For those not in the know, client certificates are used all over healthcare—they form the trust backbone of networks like DIRECT, Commonwell, and The Sequoia Project. In most places where APIs are consumed, there is only one certificate pair—the server certificate. Some magic called a “TLS Handshake” happens, and using only the one pair, all traffic is encrypted.
Client certificates add a second pair of certificates, and as you can imagine, they belong to the client. They present an older (but still relatively sane and secure) method authentication. The process goes something like this:
- Some kind of manual exchange of the client certificate public key happens, and gets stored on the server application.
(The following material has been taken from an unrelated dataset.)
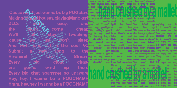 A lyric booklet for my mix CD compiling some of the best hyperpop songs of the 2020s. A fun experiment with type.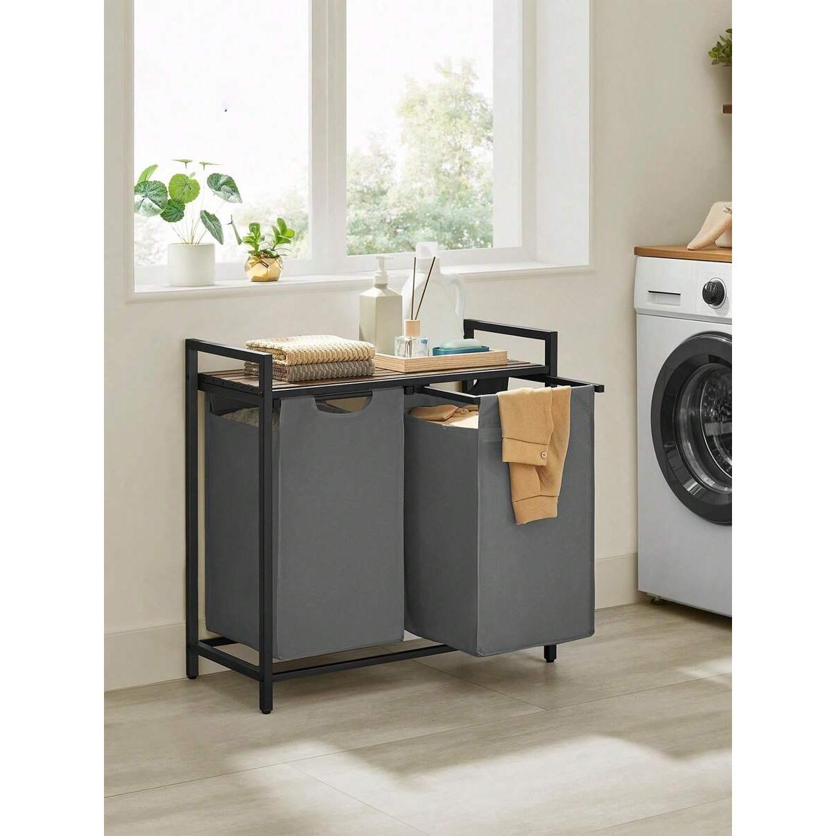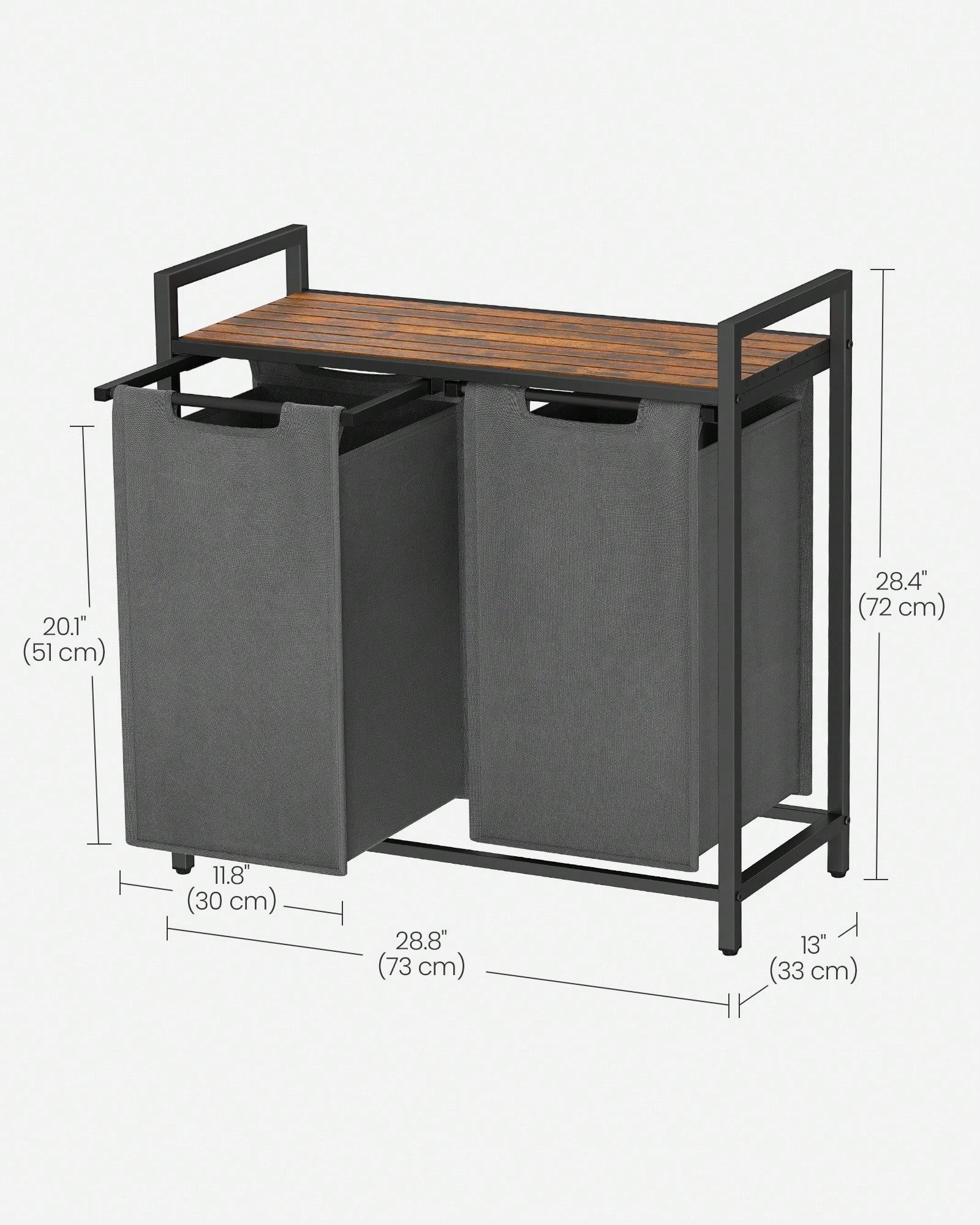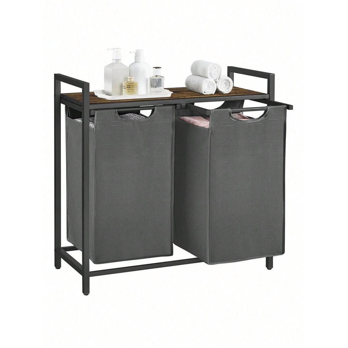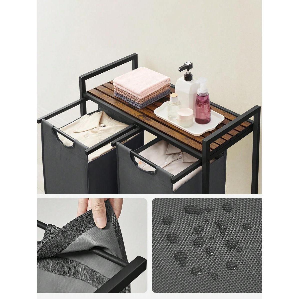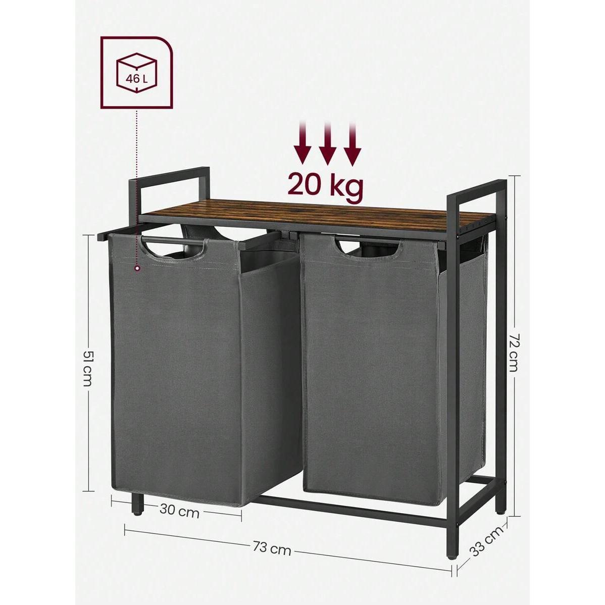 Laundry Basket, 2-Compartment Laundry Hamper, Pull-Out And Removable Laundry Bags, Laundry Sorter, Shelf, Metal Frame, 2 X 46L, 73 X 33 X 72 Cm, Rustic Brown And Grey

This is usually done in the context of a phone call/e-mail conversation.
- The client is configured to use said public key, and private key making requests to the server.
- Incoming requests to the server need to be examined for the client certificate sent as part of the HTTPS request.
- The server needs to look up the sender via the public key already on file.
- The server needs to validate that the sender also has the private key, usually through the form of a signature.
Long story short, it’s similar in complexity to an OAuth style API authentication scheme, but relies on two organizations having a trust relationship ahead of time to share a public key.
Setting up a test environment
To test https with client certificates, you’ll need a client that supports it.
The desktop (non-chrome) version of postman supports them, or you can write a really basic node application like this one to test:
This part was pretty easy, but Anders Brownworth wrote a great article with a lot of great examples.
To integrate the auth with our other API auth schemes, we use passport.js, and I used a great passport module: passport-client-cert. Passport offers nice flexibility for us, since we can mix and match authentication requirements with ease. For example, if we wanted to stack requiring a client certificate, and our traditional bearer tokens, no new code needs to be written—it’s just configuration!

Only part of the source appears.